Nashville Fairgrounds Speedway is a motorsport racetrack located at the Nashville Fairgrounds near downtown Nashville, Tennessee. The track is the second-oldest continually operating track in the United States. The track held NASCAR Grand National/Winston Cup (now NASCAR Cup Series) races from 1958 to 1984.

The speedway is currently an 18 degree banked paved oval. The track is 0.596 mi long. Inside the larger oval is a 1/4 mi paved oval.

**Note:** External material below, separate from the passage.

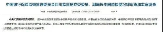 此前的7月14日,中纪委官网消息显示,银保监会四川监管局党委委员、副局长李国荣涉嫌严重违纪违法,目前正接受中央纪委国家监委驻中国银保监会纪检监察组纪律审查;经国家监委、内蒙古自治区监委指定管辖,呼和浩特市监委对其监察调查。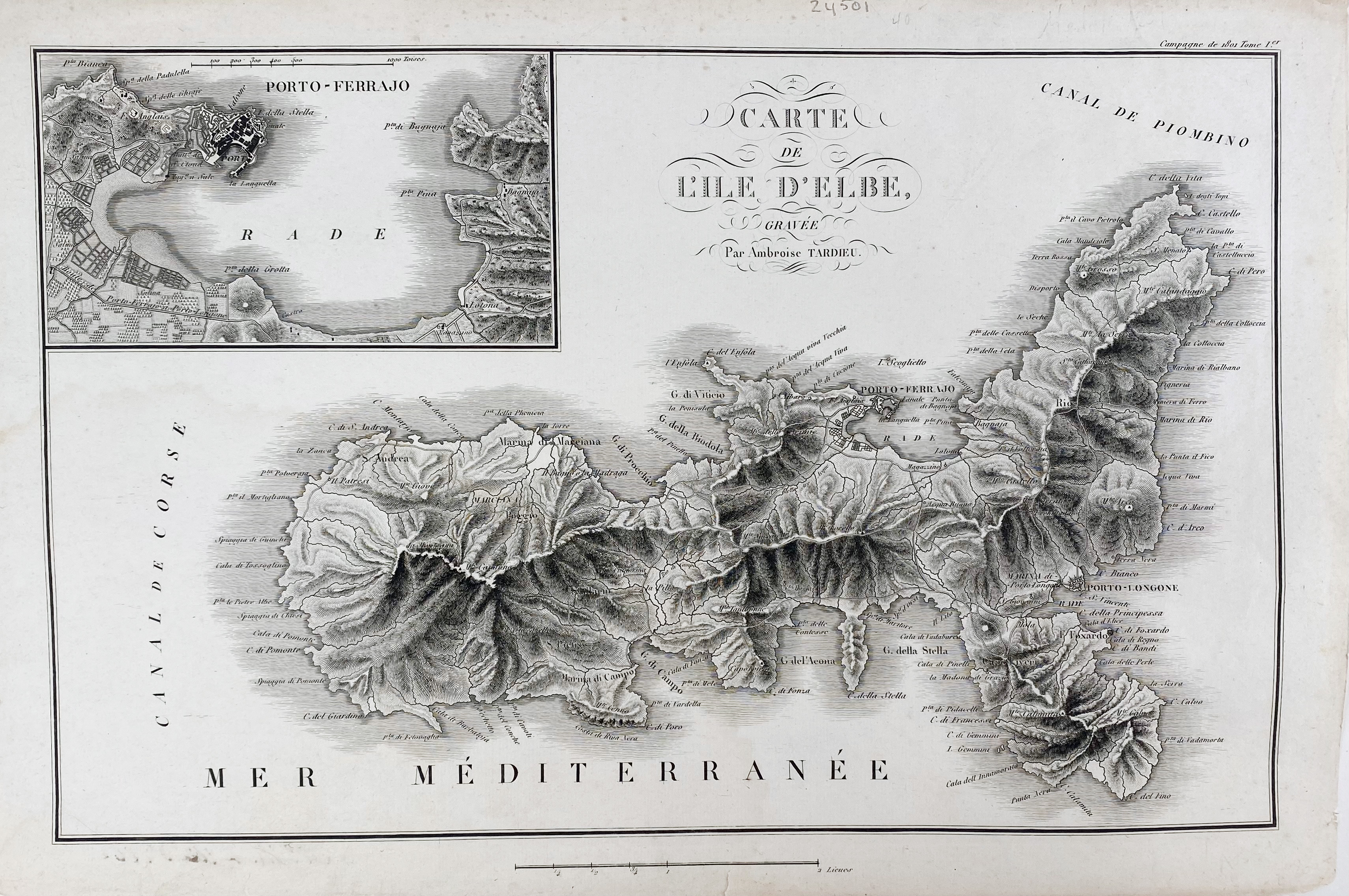 NAPOLEONIC WARS -- ("HET VERBRANDEN DER WONINGEN en tuinhuizen over den Yssel by Deventer, door de Franschen; en het aanvallen der Kozakken op den 26 November 1813"). (c. 1813). Engr. by J.E. Marcus after N. Sonnenberg. Plate edge 397 x 485 mm. (Margins sl. foxed). Rare proof print. Atlas v. Stolk 6220. -- Added: Small map of Elba. -- (2).

The track was converted to a 1/2 mi paved oval in 1957, when it began to be a NASCAR series track. The speedway was lengthened between the 1969 and 1970 seasons. The corners were cut down from 35 degrees to their present 18 degrees in 1972. The track was repaved between the 1995 and 1996 seasons.

==== Entry list ====
- (R) denotes rookie driver.

| # | Driver | Team | Make | Sponsor |
| 0 | Nate Moeller | Wayne Peterson Racing | Ford | Peterson Motorsports |
| 06 | Cody Dennison (R) | Wayne Peterson Racing | Toyota | Timcast |
| 07 | Tyler Scofield | Scofield Motorsports | Chevrolet | JXT Transportation |
| 10 | Jayson Alexander | Fast Track Racing | Toyota | Selwyn Pub / Constant Contact |
| 11 | Zachary Tinkle | Fast Track Racing | Toyota | Racing for Rescues |
| 12 | Presley Sorah | Fast Track Racing | Toyota | Tatanka Sauce / Layin Coin Podcast |
| 18 | William Sawalich | Joe Gibbs Racing | Toyota | Starkey / SoundGear |
| 20 | Gio Ruggiero (R) | Venturini Motorsports | Toyota | JBL |
| 28 | Connor Zilisch (R) | Pinnacle Racing Group | Chevrolet | Chevrolet / Silver Hare Development |
| 31 | Rita Goulet | Rise Motorsports | Chevrolet | NationalPolice.org |
| 39 | D. L. Wilson | CW Motorsports | Toyota | Heart O' Texas Speedway / ETR |
| 42 | Tanner Reif | Cook Racing Technologies | Chevrolet | Vegas Fastener Manufacturing |
| 48 | Brad Smith | Brad Smith Motorsports | Ford | Copraya.com |
| 55 | Isabella Robusto | Venturini Motorsports | Toyota | Yahoo! |
| 93 | Caleb Costner | CW Motorsports | Chevrolet | Thin Blue Wine Cellars |
| 95 | Hunter Wright | MAN Motorsports | Toyota | Cedar City RV |
| 96 | Andrew Patterson | MAN Motorsports | Toyota | Winsupply / SCS Gearbox |
| 99 | Michael Maples (R) | Fast Track Racing | Chevrolet | Don Ray Petroleum LLC |
Official entry list

== Practice ==
The first and only practice session was held on Saturday, May 11, at 2:00 PM CST, and lasted for 60 minutes. William Sawalich, driving for Joe Gibbs Racing, would set the fastest time in the session, with a lap of 19.760, and a speed of 108.583 mph.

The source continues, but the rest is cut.